#### [ACTIVITY]
Write out each record exactly as it stands. No pictures belong in the copy.

(Extracted records)
┌──

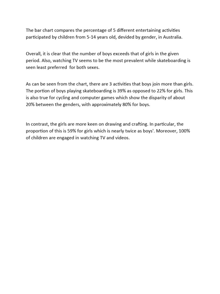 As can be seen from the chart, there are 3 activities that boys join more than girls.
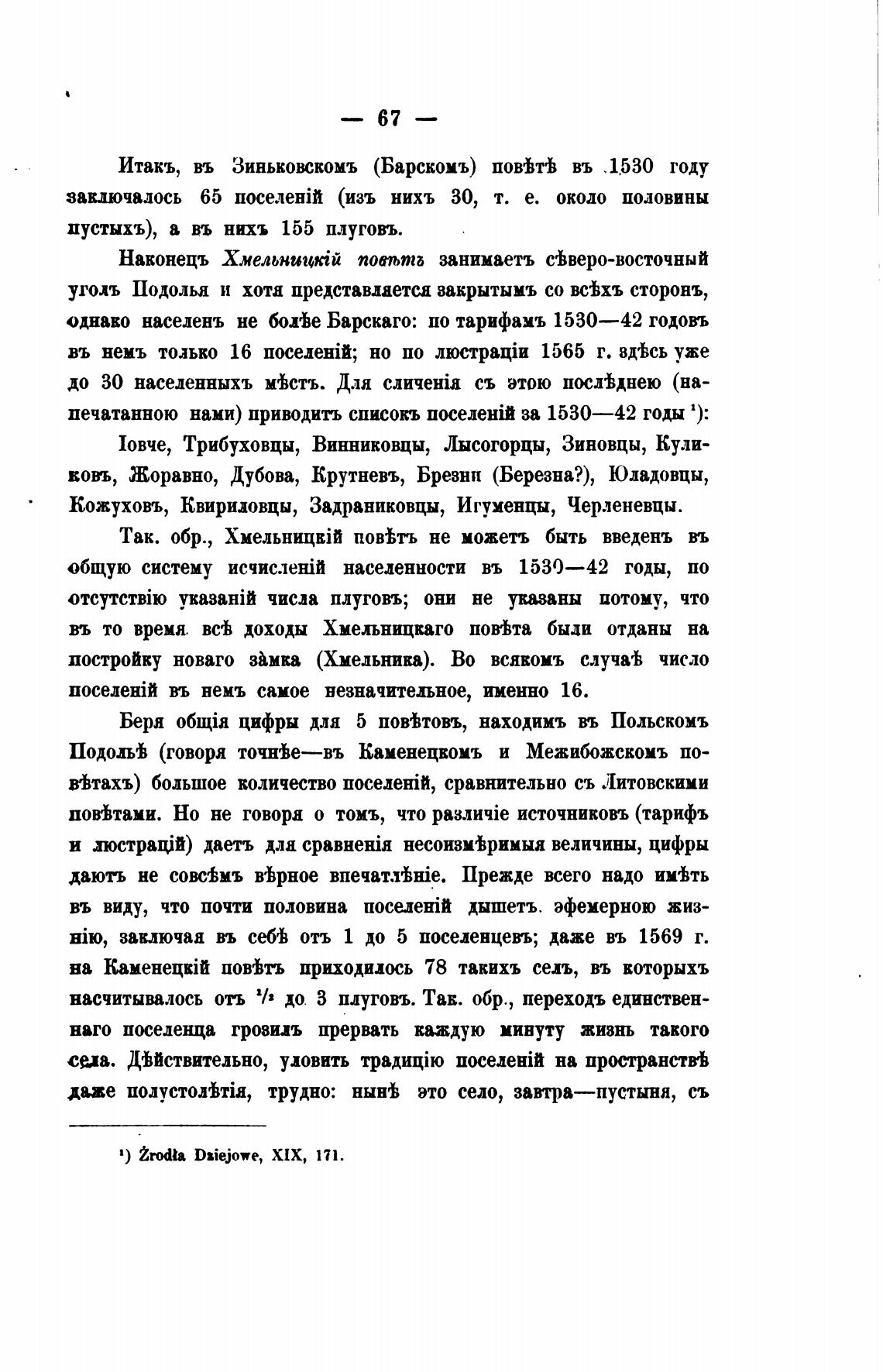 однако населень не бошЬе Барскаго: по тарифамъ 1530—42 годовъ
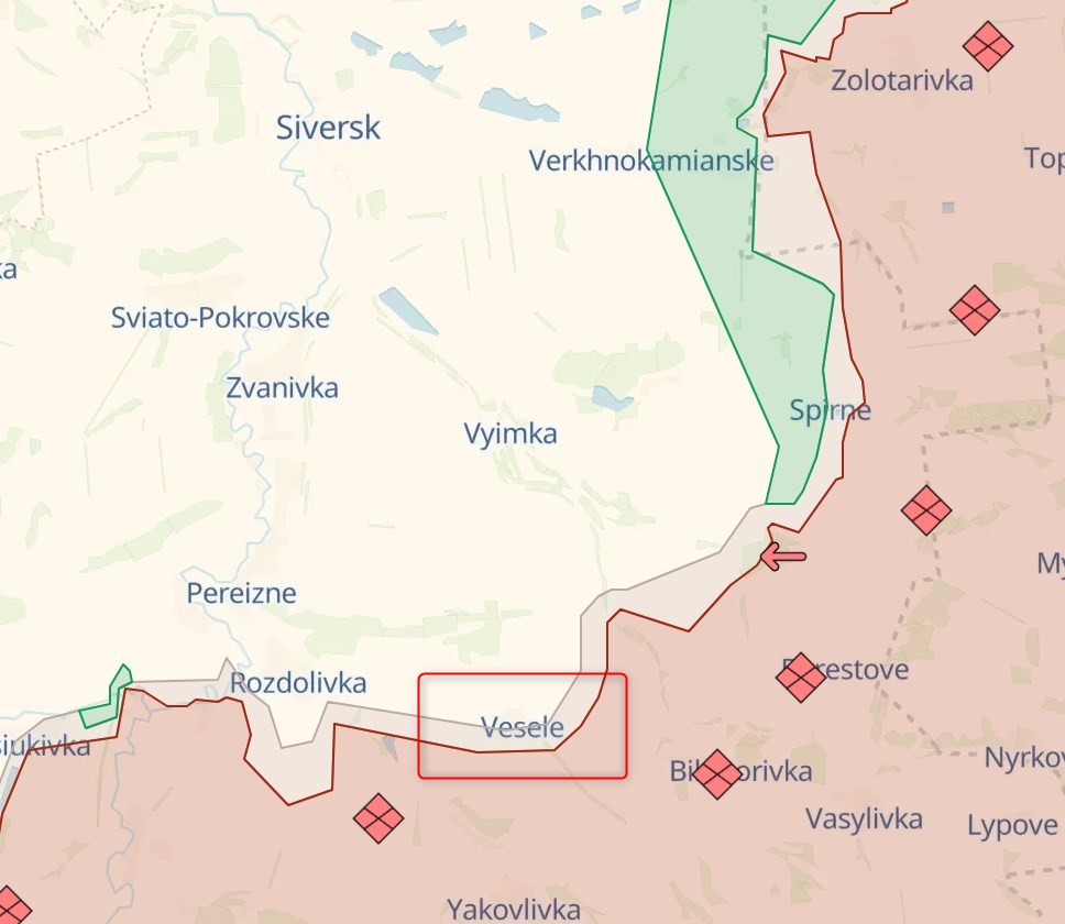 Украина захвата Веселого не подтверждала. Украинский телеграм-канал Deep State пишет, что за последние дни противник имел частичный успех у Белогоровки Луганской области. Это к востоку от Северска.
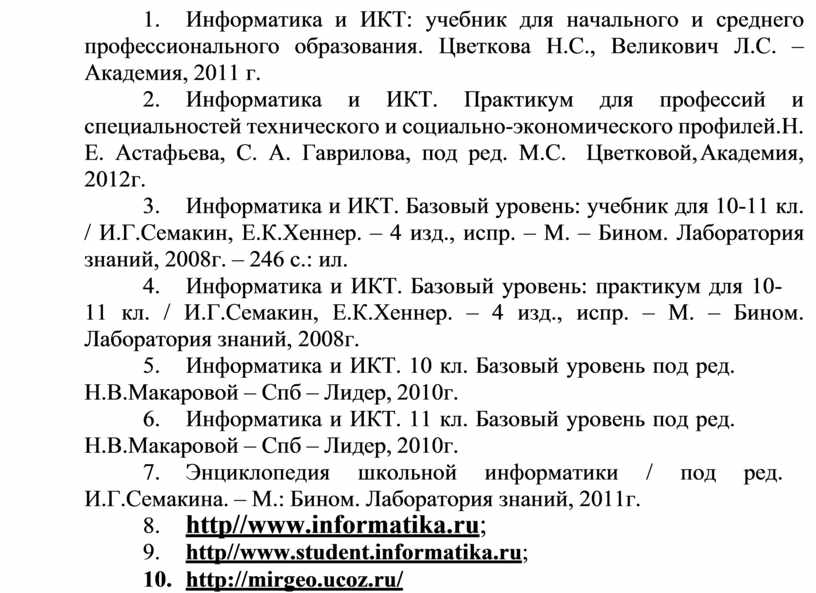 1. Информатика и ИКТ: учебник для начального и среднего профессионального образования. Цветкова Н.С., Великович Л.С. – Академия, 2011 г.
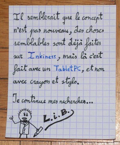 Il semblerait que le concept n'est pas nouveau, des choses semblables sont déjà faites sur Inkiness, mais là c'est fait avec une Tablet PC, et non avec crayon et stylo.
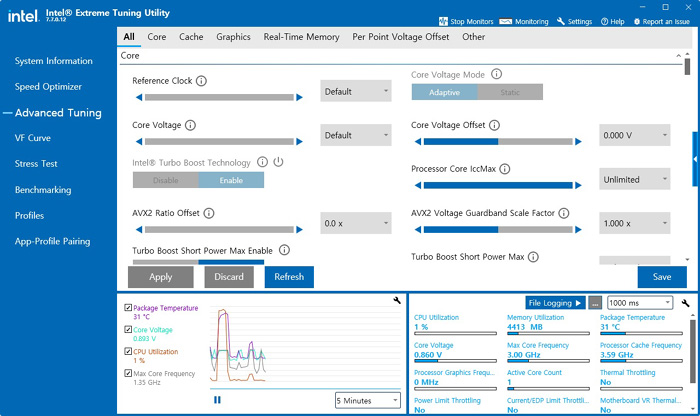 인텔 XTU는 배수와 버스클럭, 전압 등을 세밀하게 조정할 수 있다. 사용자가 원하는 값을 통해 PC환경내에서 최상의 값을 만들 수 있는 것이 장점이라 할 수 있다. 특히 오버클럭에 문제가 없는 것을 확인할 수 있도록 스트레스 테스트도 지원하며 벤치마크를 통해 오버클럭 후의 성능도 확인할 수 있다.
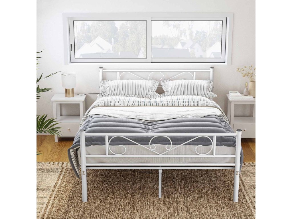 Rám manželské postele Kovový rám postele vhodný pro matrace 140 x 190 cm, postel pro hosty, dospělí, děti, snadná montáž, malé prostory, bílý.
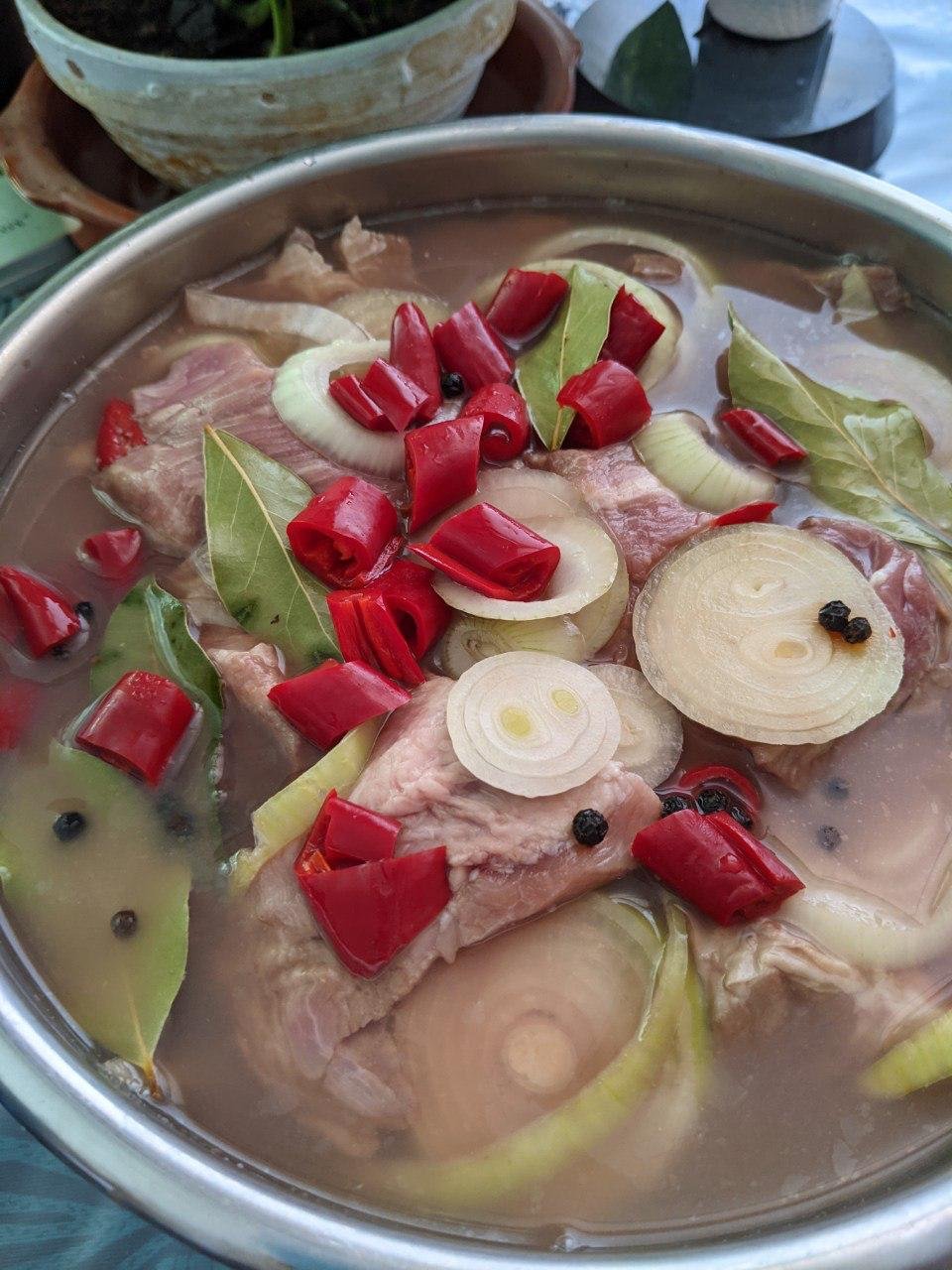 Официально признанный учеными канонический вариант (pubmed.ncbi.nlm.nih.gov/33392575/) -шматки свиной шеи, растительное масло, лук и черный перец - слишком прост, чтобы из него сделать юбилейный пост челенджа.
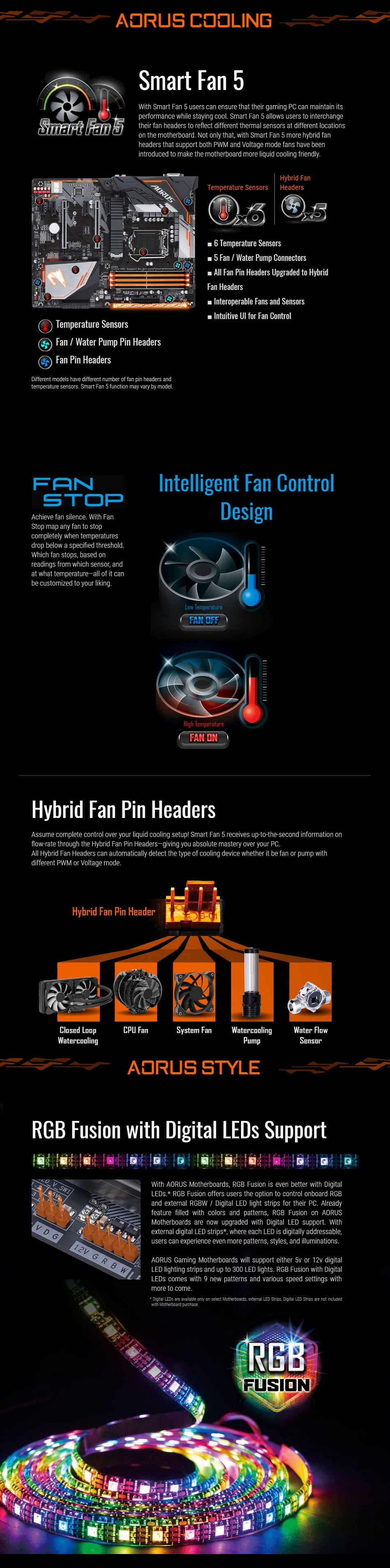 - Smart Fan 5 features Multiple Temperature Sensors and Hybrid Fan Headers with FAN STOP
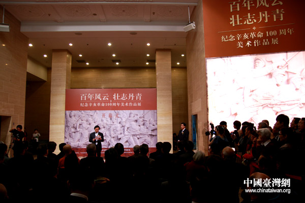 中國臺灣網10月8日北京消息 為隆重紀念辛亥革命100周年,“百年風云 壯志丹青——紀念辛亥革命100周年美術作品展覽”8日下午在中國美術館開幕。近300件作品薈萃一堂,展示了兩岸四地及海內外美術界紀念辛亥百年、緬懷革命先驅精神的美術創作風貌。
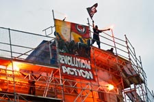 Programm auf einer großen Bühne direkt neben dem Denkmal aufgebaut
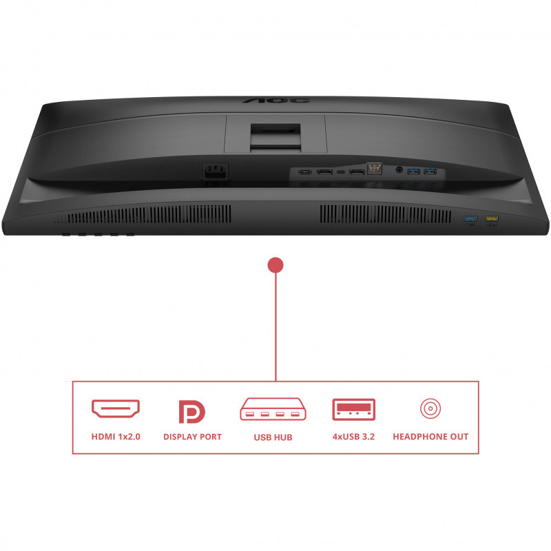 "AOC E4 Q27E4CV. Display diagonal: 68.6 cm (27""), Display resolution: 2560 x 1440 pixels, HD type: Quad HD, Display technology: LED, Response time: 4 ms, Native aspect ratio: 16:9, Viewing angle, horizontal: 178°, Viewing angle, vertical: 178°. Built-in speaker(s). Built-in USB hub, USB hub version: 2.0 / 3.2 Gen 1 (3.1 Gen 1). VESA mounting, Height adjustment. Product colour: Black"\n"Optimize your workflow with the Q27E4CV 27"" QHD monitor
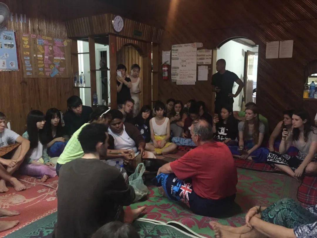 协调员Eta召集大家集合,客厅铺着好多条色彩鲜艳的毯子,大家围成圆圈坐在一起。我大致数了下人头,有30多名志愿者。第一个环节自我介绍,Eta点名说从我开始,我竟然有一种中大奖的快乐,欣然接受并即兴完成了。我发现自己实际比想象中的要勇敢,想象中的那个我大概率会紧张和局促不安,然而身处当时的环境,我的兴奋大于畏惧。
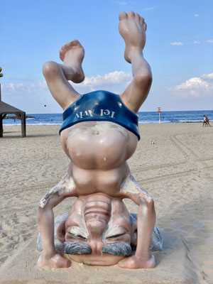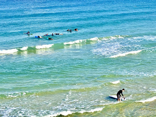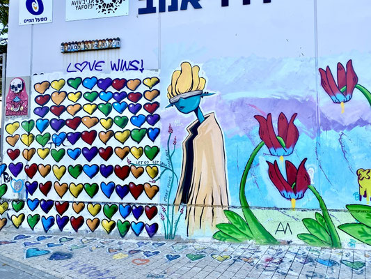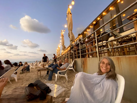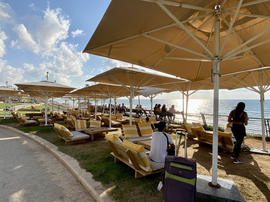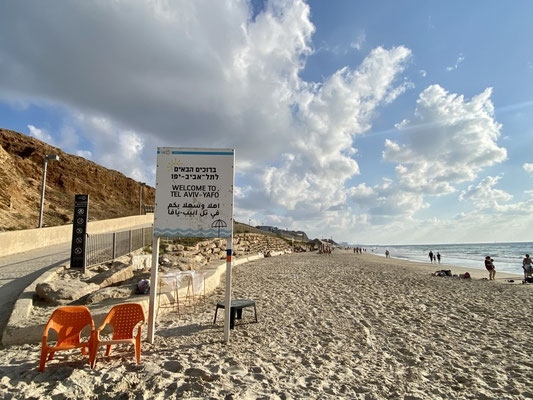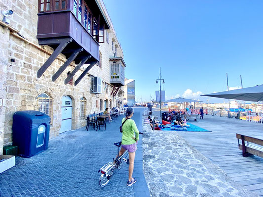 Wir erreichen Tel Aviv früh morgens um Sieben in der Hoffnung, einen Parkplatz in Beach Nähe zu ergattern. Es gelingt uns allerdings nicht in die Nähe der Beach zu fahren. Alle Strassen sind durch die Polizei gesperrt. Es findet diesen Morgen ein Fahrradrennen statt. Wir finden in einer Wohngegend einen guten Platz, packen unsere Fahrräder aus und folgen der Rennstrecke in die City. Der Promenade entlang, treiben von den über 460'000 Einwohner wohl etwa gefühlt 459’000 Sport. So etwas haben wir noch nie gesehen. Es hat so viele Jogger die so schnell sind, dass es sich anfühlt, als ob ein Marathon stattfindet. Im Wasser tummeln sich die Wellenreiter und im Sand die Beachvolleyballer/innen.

└──

#### [ANSWER]
 As can be seen from the chart, there are 3 activities that boys join more than girls.
 однако населень не бошЬе Барскаго: по тарифамъ 1530—42 годовъ
 Украина захвата Веселого не подтверждала. Украинский телеграм-канал Deep State пишет, что за последние дни противник имел частичный успех у Белогоровки Луганской области. Это к востоку от Северска.
 1. Информатика и ИКТ: учебник для начального и среднего профессионального образования. Цветкова Н.С., Великович Л.С. – Академия, 2011 г.
 Il semblerait que le concept n'est pas nouveau, des choses semblables sont déjà faites sur Inkiness, mais là c'est fait avec une Tablet PC, et non avec crayon et stylo.
 인텔 XTU는 배수와 버스클럭, 전압 등을 세밀하게 조정할 수 있다. 사용자가 원하는 값을 통해 PC환경내에서 최상의 값을 만들 수 있는 것이 장점이라 할 수 있다. 특히 오버클럭에 문제가 없는 것을 확인할 수 있도록 스트레스 테스트도 지원하며 벤치마크를 통해 오버클럭 후의 성능도 확인할 수 있다.
 Rám manželské postele Kovový rám postele vhodný pro matrace 140 x 190 cm, postel pro hosty, dospělí, děti, snadná montáž, malé prostory, bílý.
 Официально признанный учеными канонический вариант (pubmed.ncbi.nlm.nih.gov/33392575/) -шматки свиной шеи, растительное масло, лук и черный перец - слишком прост, чтобы из него сделать юбилейный пост челенджа.
 - Smart Fan 5 features Multiple Temperature Sensors and Hybrid Fan Headers with FAN STOP
 中國臺灣網10月8日北京消息 為隆重紀念辛亥革命100周年,“百年風云 壯志丹青——紀念辛亥革命100周年美術作品展覽”8日下午在中國美術館開幕。近300件作品薈萃一堂,展示了兩岸四地及海內外美術界紀念辛亥百年、緬懷革命先驅精神的美術創作風貌。
 Programm auf einer großen Bühne direkt neben dem Denkmal aufgebaut
 "AOC E4 Q27E4CV. Display diagonal: 68.6 cm (27""), Display resolution: 2560 x 1440 pixels, HD type: Quad HD, Display technology: LED, Response time: 4 ms, Native aspect ratio: 16:9, Viewing angle, horizontal: 178°, Viewing angle, vertical: 178°. Built-in speaker(s). Built-in USB hub, USB hub version: 2.0 / 3.2 Gen 1 (3.1 Gen 1). VESA mounting, Height adjustment. Product colour: Black"\n"Optimize your workflow with the Q27E4CV 27"" QHD monitor
 协调员Eta召集大家集合,客厅铺着好多条色彩鲜艳的毯子,大家围成圆圈坐在一起。我大致数了下人头,有30多名志愿者。第一个环节自我介绍,Eta点名说从我开始,我竟然有一种中大奖的快乐,欣然接受并即兴完成了。我发现自己实际比想象中的要勇敢,想象中的那个我大概率会紧张和局促不安,然而身处当时的环境,我的兴奋大于畏惧。
 Wir erreichen Tel Aviv früh morgens um Sieben in der Hoffnung, einen Parkplatz in Beach Nähe zu ergattern. Es gelingt uns allerdings nicht in die Nähe der Beach zu fahren. Alle Strassen sind durch die Polizei gesperrt. Es findet diesen Morgen ein Fahrradrennen statt. Wir finden in einer Wohngegend einen guten Platz, packen unsere Fahrräder aus und folgen der Rennstrecke in die City. Der Promenade entlang, treiben von den über 460'000 Einwohner wohl etwa gefühlt 459’000 Sport. So etwas haben wir noch nie gesehen. Es hat so viele Jogger die so schnell sind, dass es sich anfühlt, als ob ein Marathon stattfindet. Im Wasser tummeln sich die Wellenreiter und im Sand die Beachvolleyballer/innen.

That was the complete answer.